START Available data
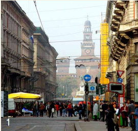 이탈리아의 시인 단테의 이름을 딴 거리를 거닐며 이들의 숨결을 느껴본다. 밀라노의 중심지 단테 가에는 유명한 교통수단인 주황색 트램이 지나다닌다. 마임, 바이올린 연주 등을 하는 거리 예술가를 거리 이곳저곳에서 볼 수 있다. 관광객과 사진 촬영을 하는 데에도 익숙해서 동전 한두 개면 즐거운 추억을 만들 수 있다. 저녁이 되면 노천카페에는 하나둘씩 불이 켜지고 모여든 밀라노 시민들로 꽉 찬다.
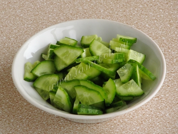 Огурец разрезать вдоль на 4 части, а затем каждую четвертинку тонко нашинковать поперёк.
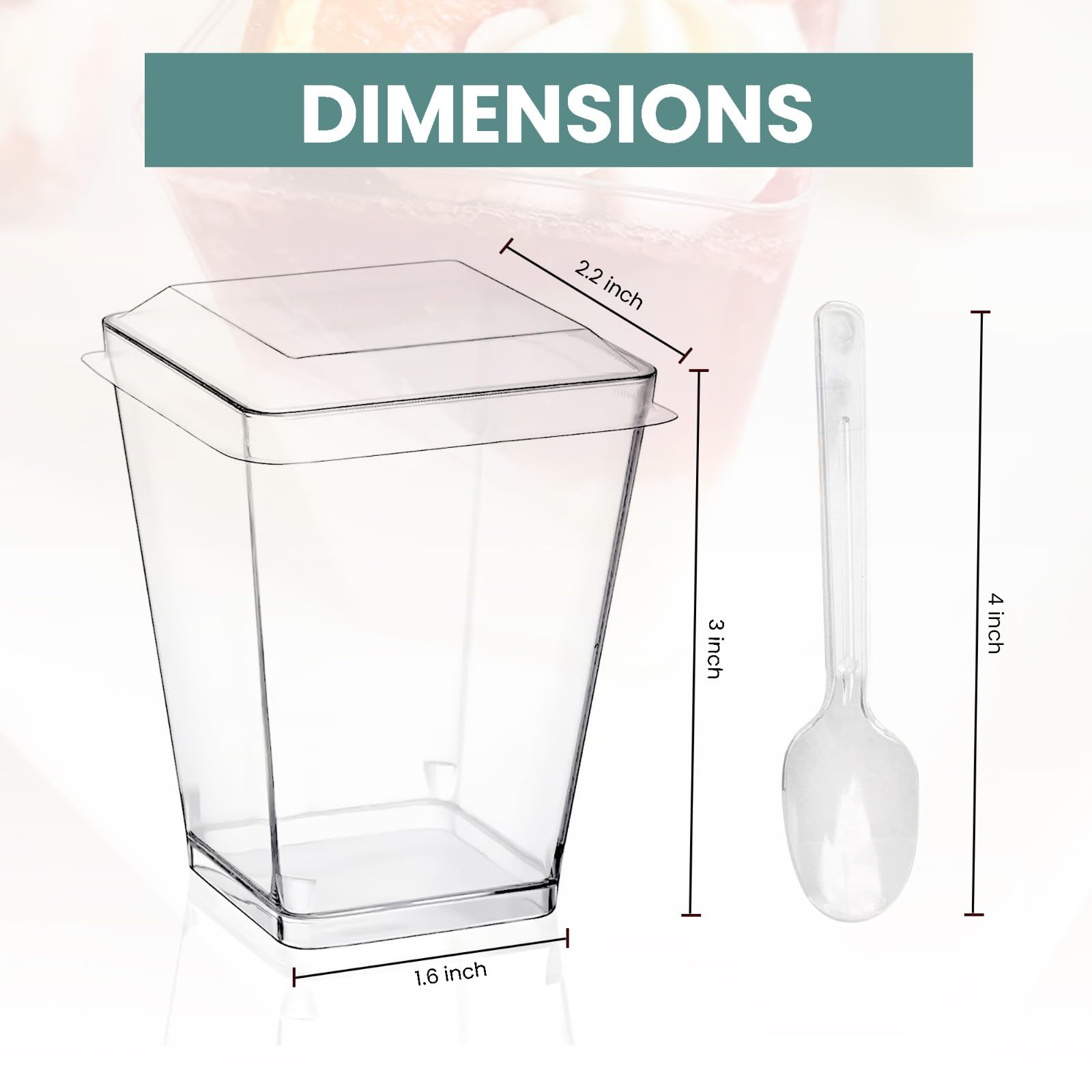- π¦ PACKAGE INCLUDES: Our 5 oz set of dessert cups includes 50 clear plastic dessert cups, 50 plastic spoons and 50 plastic lids . capacity: 5 oz, cup height: 3in, cup top length: 2.2in, cup bottom length: 1.6in, easily meet most of your daily needs.
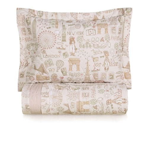 Confeccionada em 200 fios percal, 100% algodão e enchimento Thermobond 100% poliéster com gramatura de 120g/m de toque macio, confortável com excelente qualidade transferindo muita maciez e um conforto único para o seu momento de descanso. Antipilling; Hipoalergênico; Percal Soft e Thermobond; Fio Penteado; Altamente Respirável; Tecido mais encorpado; Amassa menos; Sensação de cama de hotel. A colcha Viajante é dupla face e apresenta estampa que remete a viagens pelo mundo, criando um ambiente divertido e descolado. Seu verso é liso, adicionando um toque de charme ao quarto. Com cantos quadrados e 1 porta-travesseiro com 3 abas de 5cm, esta colcha é perfeita para dar um toque delicado ao ambiente. Proporcione noites de sono para sua princesa. Perfeita para trazer o toque macio e beleza para o quarto! Foto meramente ilustrativa.
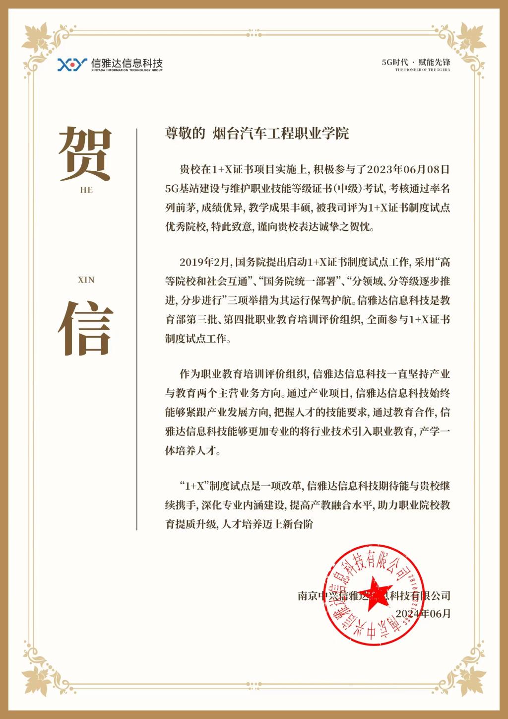 近日,由教育部指定的第三方评价组织——南京中兴信雅达信息科技有限公司在全国范围内遴选2023年度“1+X”证书试点工作中发挥引领示范作用的优秀试点院校。我院积极组织参与的5G基站建设与维护职业技能等级证书(中级)考核过程中表现突出,通过率名列前茅,教学成果丰硕,荣获“2023年度优秀试点院校”。至此,我院已连续三年荣获此项荣誉。
END Available data
**What this task involves:** The answer is the run of lines from the one with "Confeccionada em 200" through the final line of the data, copied exactly, and nothing else; no pictures.

**Task answer:**
 Confeccionada em 200 fios percal, 100% algodão e enchimento Thermobond 100% poliéster com gramatura de 120g/m de toque macio, confortável com excelente qualidade transferindo muita maciez e um conforto único para o seu momento de descanso. Antipilling; Hipoalergênico; Percal Soft e Thermobond; Fio Penteado; Altamente Respirável; Tecido mais encorpado; Amassa menos; Sensação de cama de hotel. A colcha Viajante é dupla face e apresenta estampa que remete a viagens pelo mundo, criando um ambiente divertido e descolado. Seu verso é liso, adicionando um toque de charme ao quarto. Com cantos quadrados e 1 porta-travesseiro com 3 abas de 5cm, esta colcha é perfeita para dar um toque delicado ao ambiente. Proporcione noites de sono para sua princesa. Perfeita para trazer o toque macio e beleza para o quarto! Foto meramente ilustrativa.
 近日,由教育部指定的第三方评价组织——南京中兴信雅达信息科技有限公司在全国范围内遴选2023年度“1+X”证书试点工作中发挥引领示范作用的优秀试点院校。我院积极组织参与的5G基站建设与维护职业技能等级证书(中级)考核过程中表现突出,通过率名列前茅,教学成果丰硕,荣获“2023年度优秀试点院校”。至此,我院已连续三年荣获此项荣誉。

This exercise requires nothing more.